### Listed records ###

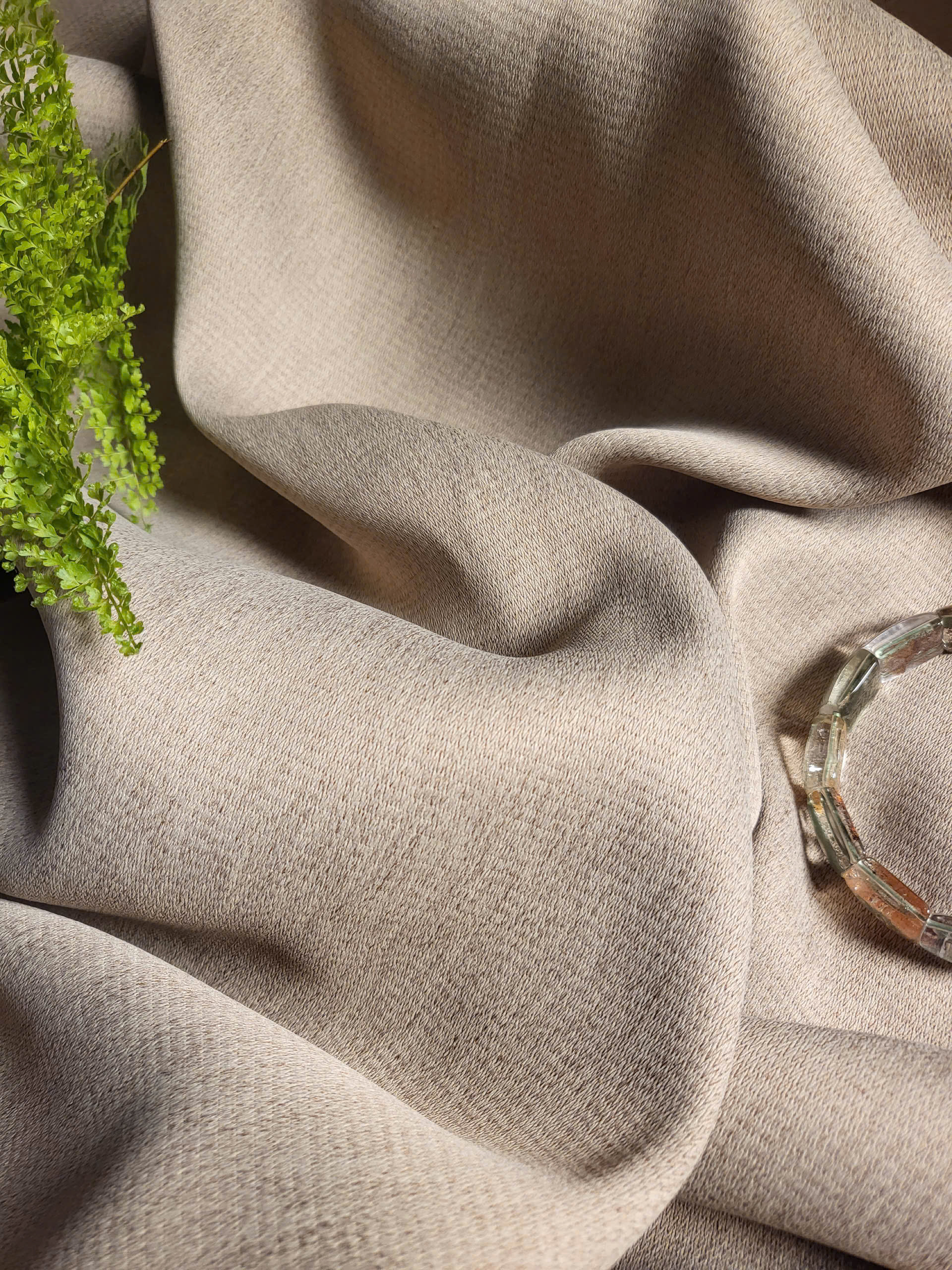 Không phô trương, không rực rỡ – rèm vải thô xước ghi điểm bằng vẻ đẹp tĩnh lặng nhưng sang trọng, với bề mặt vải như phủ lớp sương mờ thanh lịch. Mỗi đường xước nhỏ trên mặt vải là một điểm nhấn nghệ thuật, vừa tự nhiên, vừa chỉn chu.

###
### Listed records ###

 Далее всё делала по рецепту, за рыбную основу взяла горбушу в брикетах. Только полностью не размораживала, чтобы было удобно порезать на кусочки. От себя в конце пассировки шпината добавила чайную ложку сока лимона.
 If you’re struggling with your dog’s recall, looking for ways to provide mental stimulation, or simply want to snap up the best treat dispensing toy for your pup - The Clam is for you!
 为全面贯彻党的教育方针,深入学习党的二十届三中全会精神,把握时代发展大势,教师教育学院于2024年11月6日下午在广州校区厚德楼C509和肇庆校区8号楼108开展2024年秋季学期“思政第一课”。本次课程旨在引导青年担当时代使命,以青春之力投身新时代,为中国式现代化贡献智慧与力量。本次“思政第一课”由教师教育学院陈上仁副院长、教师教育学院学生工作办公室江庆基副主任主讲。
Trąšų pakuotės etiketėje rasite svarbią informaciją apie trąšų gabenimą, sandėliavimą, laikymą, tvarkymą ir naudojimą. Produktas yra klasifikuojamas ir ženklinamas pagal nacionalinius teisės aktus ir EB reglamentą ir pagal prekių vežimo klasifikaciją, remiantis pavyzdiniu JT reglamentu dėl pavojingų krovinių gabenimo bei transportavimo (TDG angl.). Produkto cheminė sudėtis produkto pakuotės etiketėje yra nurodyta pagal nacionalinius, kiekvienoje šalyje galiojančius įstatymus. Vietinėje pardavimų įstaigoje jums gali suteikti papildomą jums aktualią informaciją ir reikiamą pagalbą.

###
### Listed records ###

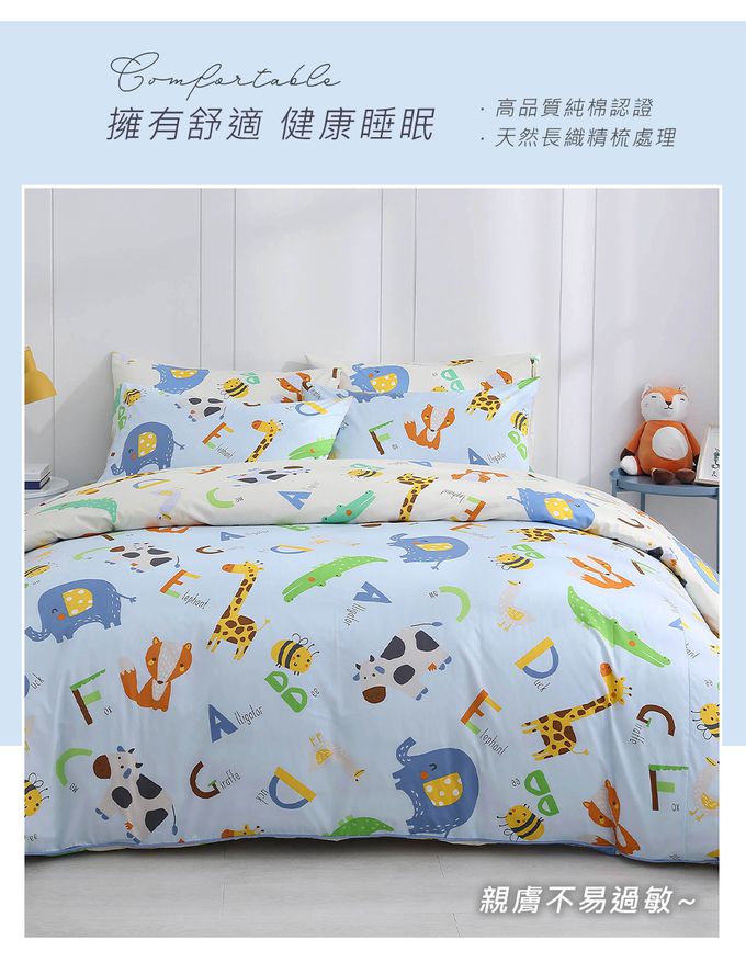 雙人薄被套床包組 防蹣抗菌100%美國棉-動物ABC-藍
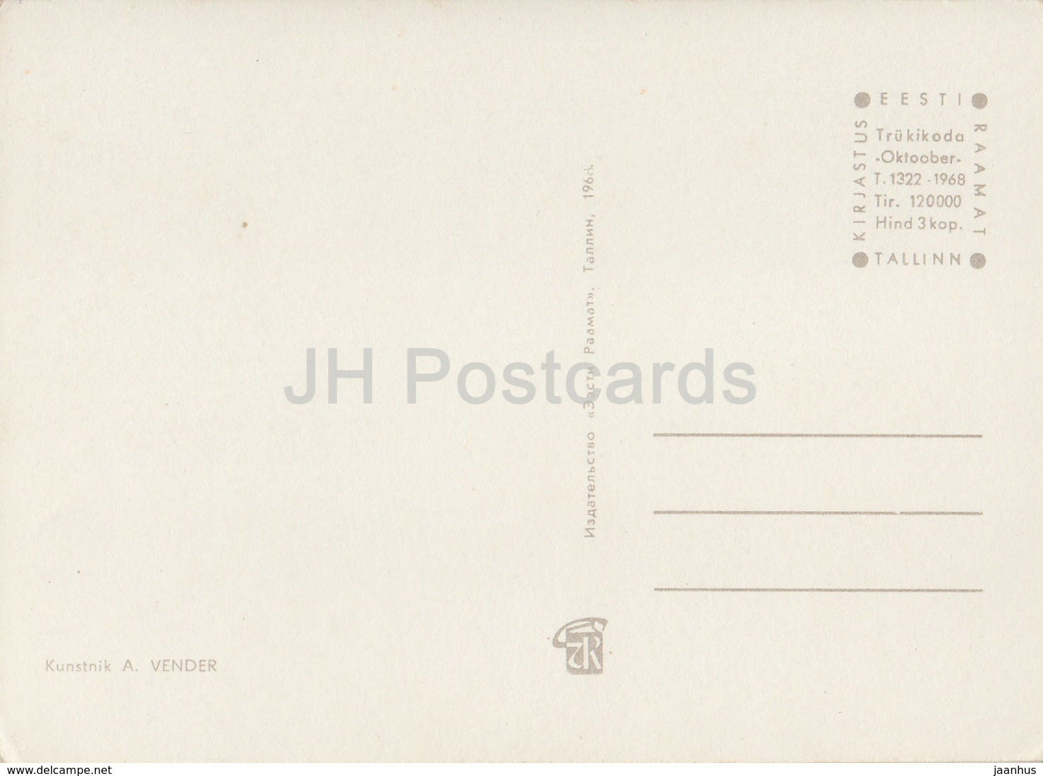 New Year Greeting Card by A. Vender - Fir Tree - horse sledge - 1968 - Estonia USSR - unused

###

• [Exercise objective]: Within the material above, copy exactly the lines from the line that holds "Далее всё делала" up to and including the line that holds "为全面贯彻党的教育方针,深入".

• [Final answer]:
 Далее всё делала по рецепту, за рыбную основу взяла горбушу в брикетах. Только полностью не размораживала, чтобы было удобно порезать на кусочки. От себя в конце пассировки шпината добавила чайную ложку сока лимона.
 If you’re struggling with your dog’s recall, looking for ways to provide mental stimulation, or simply want to snap up the best treat dispensing toy for your pup - The Clam is for you!
 为全面贯彻党的教育方针,深入学习党的二十届三中全会精神,把握时代发展大势,教师教育学院于2024年11月6日下午在广州校区厚德楼C509和肇庆校区8号楼108开展2024年秋季学期“思政第一课”。本次课程旨在引导青年担当时代使命,以青春之力投身新时代,为中国式现代化贡献智慧与力量。本次“思政第一课”由教师教育学院陈上仁副院长、教师教育学院学生工作办公室江庆基副主任主讲。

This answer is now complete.